(MATERIAL FOR THIS EXERCISE Opens)

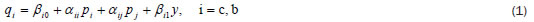 Cada modelo estructural comprende las dos ecuaciones de demanda para cada país exportador, así como las CPO propias de cada interacción estratégica. Los términos μit, i = 1, 2, 3, 4 son los errores conjuntos que, se supone, se distribuyen normalmente con matriz de covarianzas Σ. θi, i = c, b. representa los interceptos y el cambio en la variable de demanda: βi0 + β i1 en los modelos de precios y γi 0 + γi1y en los modelos de cantidades.
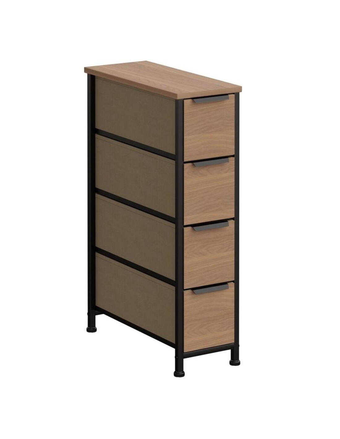 Funcional y compacto mueble estrecho fabricado en madera DM, diseñado con una base de metal pintada en negro que aporta resistencia y un estilo moderno. Incorpora 4 cajones de tela con frontal de madera, ideales para mantener el orden en espacios reducidos sin perder elegancia.
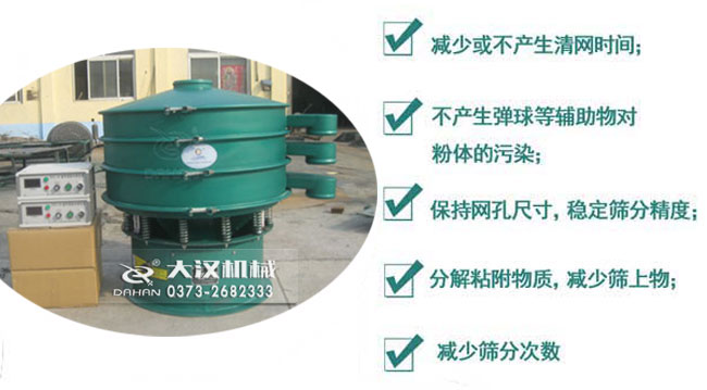 產品簡介:碳粉生產工藝中進行的過濾、篩分、分級中要使用的設備就是振動篩分機。在這里大漢振動篩廠家推薦您使用超聲波振動篩。下面詳細介紹下超聲波振動篩一些情況。
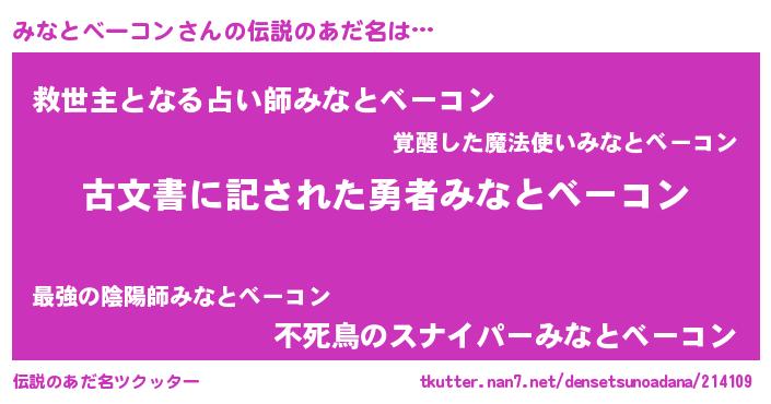 | ヒーロー風カッコイイあだ名 | 『ネオミナトベーコン』『仮面ミナダー』 |
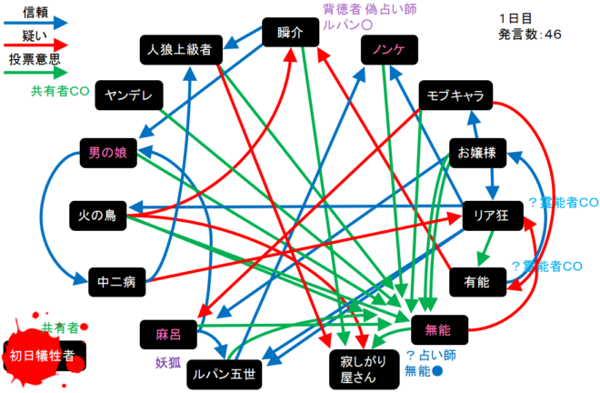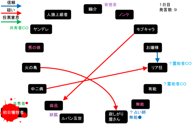 瞬介「妖狐の正体はルパンか(上の図)。ルパンは協調性が低いので(?)、占われやすい気がする。俺(背徳者)は偽占い師を担当するか?」
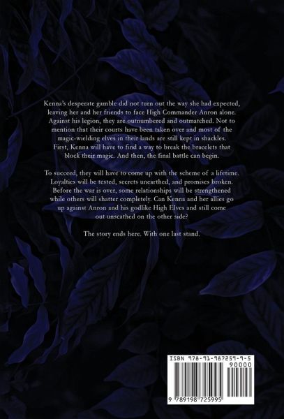 Kenna's desperate gamble did not turn out the way she had expected, leaving her and her friends to face High Commander Anron alone. Against his legion, they are outnumbered and outmatched. Not to mention that their courts have been taken over and most of the magic-wielding elves in their lands are still kept in shackles. First, Kenna will have to find a way to break the bracelets that block their magic. And then, the final battle can begin. To succeed, they will have to come up with the scheme of a lifetime. Loyalties will be tested, secrets unearthed, and promises broken. Before the war is over, some relationships will be strengthened while others will shatter completely. Can Kenna and her allies go up against Anron and his godlike High Elves and still come out unscathed on the other side? The story ends here. With one last stand.

(MATERIAL FOR THIS EXERCISE Closes)

## PROMPT
Take the line with "Funcional y compacto" and each line after it through the end of the material above, and reproduce them exactly, without the pictures.

## RESPONSE TO THIS EXERCISE
 Funcional y compacto mueble estrecho fabricado en madera DM, diseñado con una base de metal pintada en negro que aporta resistencia y un estilo moderno. Incorpora 4 cajones de tela con frontal de madera, ideales para mantener el orden en espacios reducidos sin perder elegancia.
 產品簡介:碳粉生產工藝中進行的過濾、篩分、分級中要使用的設備就是振動篩分機。在這里大漢振動篩廠家推薦您使用超聲波振動篩。下面詳細介紹下超聲波振動篩一些情況。
 | ヒーロー風カッコイイあだ名 | 『ネオミナトベーコン』『仮面ミナダー』 |
 瞬介「妖狐の正体はルパンか(上の図)。ルパンは協調性が低いので(?)、占われやすい気がする。俺(背徳者)は偽占い師を担当するか?」
 Kenna's desperate gamble did not turn out the way she had expected, leaving her and her friends to face High Commander Anron alone. Against his legion, they are outnumbered and outmatched. Not to mention that their courts have been taken over and most of the magic-wielding elves in their lands are still kept in shackles. First, Kenna will have to find a way to break the bracelets that block their magic. And then, the final battle can begin. To succeed, they will have to come up with the scheme of a lifetime. Loyalties will be tested, secrets unearthed, and promises broken. Before the war is over, some relationships will be strengthened while others will shatter completely. Can Kenna and her allies go up against Anron and his godlike High Elves and still come out unscathed on the other side? The story ends here. With one last stand.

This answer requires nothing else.